I'm working on implementing parsing a series of Uint8Arrays that contain Transfer-Encoding: chunked data sent from the client using WHATWG Fetch over a single connection.

For example, writing 1 MB from the client can result in 14 separate Uint8Arrays in the server. The first in the series content could look like Uint8Array(41040)

[49, 48, 48, 48, 13, 10, 0, 0, 0, 0,..., 13, 10]

where in that first Uint8Array where filtering for 13 followed by 10 (\r\n) the indexes can look like

[4, 4102, 4108, 8206, 8212, 12310, 12316, 16414, 16420, 20518, 
20524, 24622, 24628, 28726, 28732, 32830, 32836, 36934, 36940, 41038]

How would you implement the algorithm to parse the length of the data, and extract the following data from the Uint8Arrays?

Can you edit your question to clarify things?

I'm using WICG Direct Sockets TCPServerSocket as a TCP server in Chromium browser. See direct-sockets-http-ws-server.

I've already implemented a runtime agnostic WebSocket server, where the same server code can be run using chrome, node, deno, bun, tjs, see JavaScript runtime agnostic WebSocket server.

Now, Chromium based browsers implement upload streaming or streaming requests using WHATWG Fetch implementation in Chromium, see Streaming requests with the fetch API, however, in general, with the exception being between a ServiceWorker and a WindowClient or Client which internall in chrome uses Mojo, not the network (type some lower case letters in the input field here Half duplex stream), only HTTP/2 is supported. HTTP/2 requires TLS. That means I would need to implement TLS in the browser for the server to avoid TLS handshake errors, when using the TCPServerSocket to process the fetch() request. That's on my TODO list, but that's a separate question.

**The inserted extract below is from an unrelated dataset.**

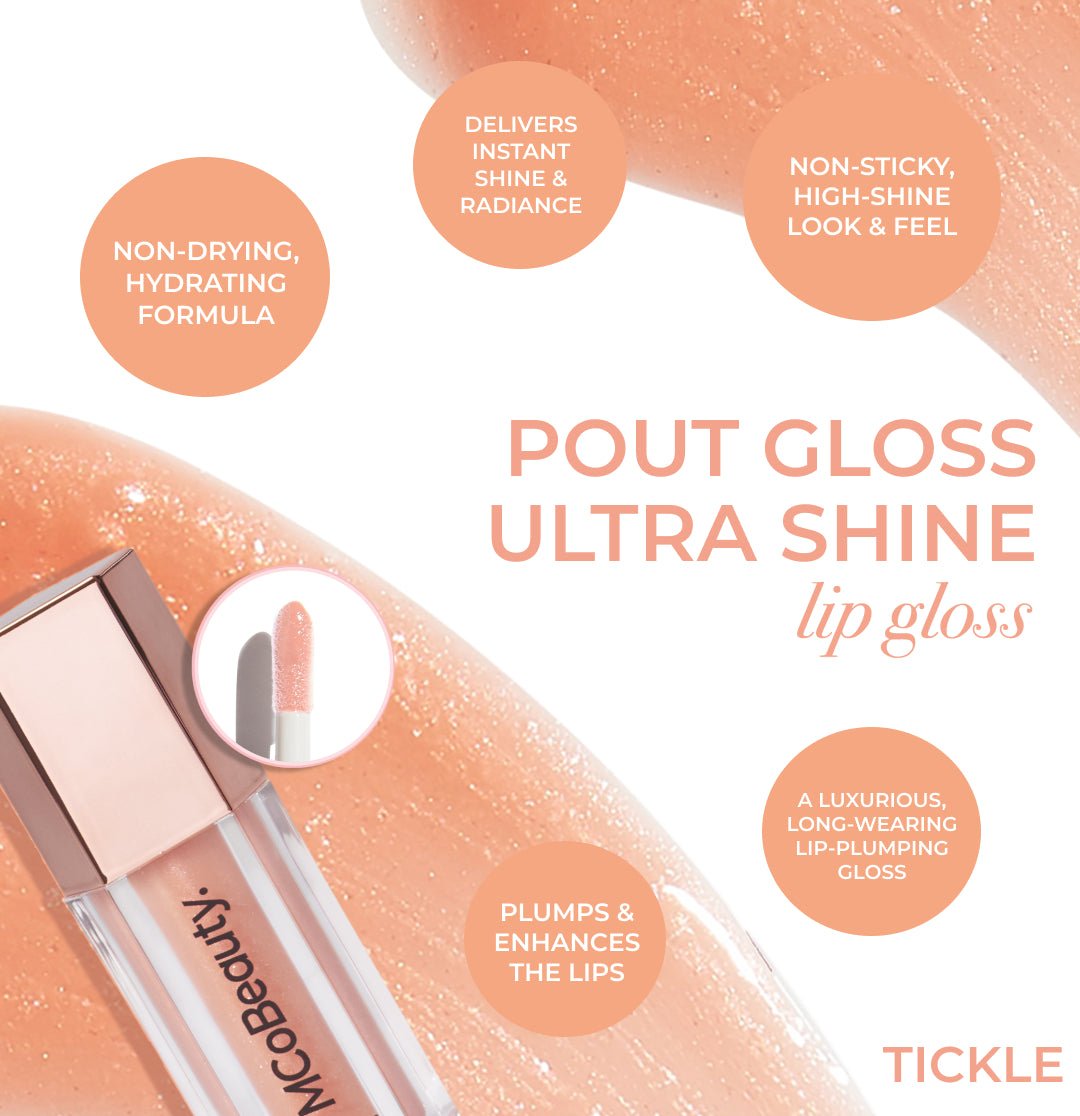 The MCoBeauty POUT GLOSS ULTRA SHINE LIP GLOSS is a luxurious. long-wearing lip-plumping gloss that delivers a sheer tint of color and light-reflecting radiance to plump and volumize the lips.

There's another exception for uploading data, using a single connection, see Re: Issue 434292497: Allow streaming requests for HTTP/1.x

Status: Won't Fix (Intended Behavior) +yoichio@ who worked on the feature.

There seems the FetchUploadStreaming feature flag (https://crrev.com/c/2174099) for that. I don't think we want to enable it by default though. Resolving as working intended.

chrome --enable-features=FetchUploadStreaming

Now, that only provides the upload capability over HTTP/1.1

var abortable = new AbortController();
var { readable, writable } = new TransformStream({
 async transform(v, c) {
 for (let i = 0; i < v.length; i+= 1024) {
 c.enqueue(v.subarray(i, i + 1024));
 await scheduler.postTask(() => {}, {delay:10});
 }
 }, 
 flush() {
 console.log("flush");
 abortable.abort("");
 }
});
var writer = writable.getWriter();
var response = fetch("http://localhost:44818", {
 method: "post",
 duplex: "half",
 body: readable,
 signal: abortable.signal,
 allowHTTP1ForStreamingUpload: true
});
response.then((r) => {
 console.log(...r.headers);
 return r.body.pipeTo(
 new WritableStream({
 write(v) {
 console.log(v);
 },
 close() {
 console.log("close");
 }
 })
 )
})
.then(() => {
 console.log("Done streaming");
})
.catch(console.log);

writer.write(new Uint8Array(1024**2));

Keep on writing data until close() is called, and remember to abort the request to close the TCP connection.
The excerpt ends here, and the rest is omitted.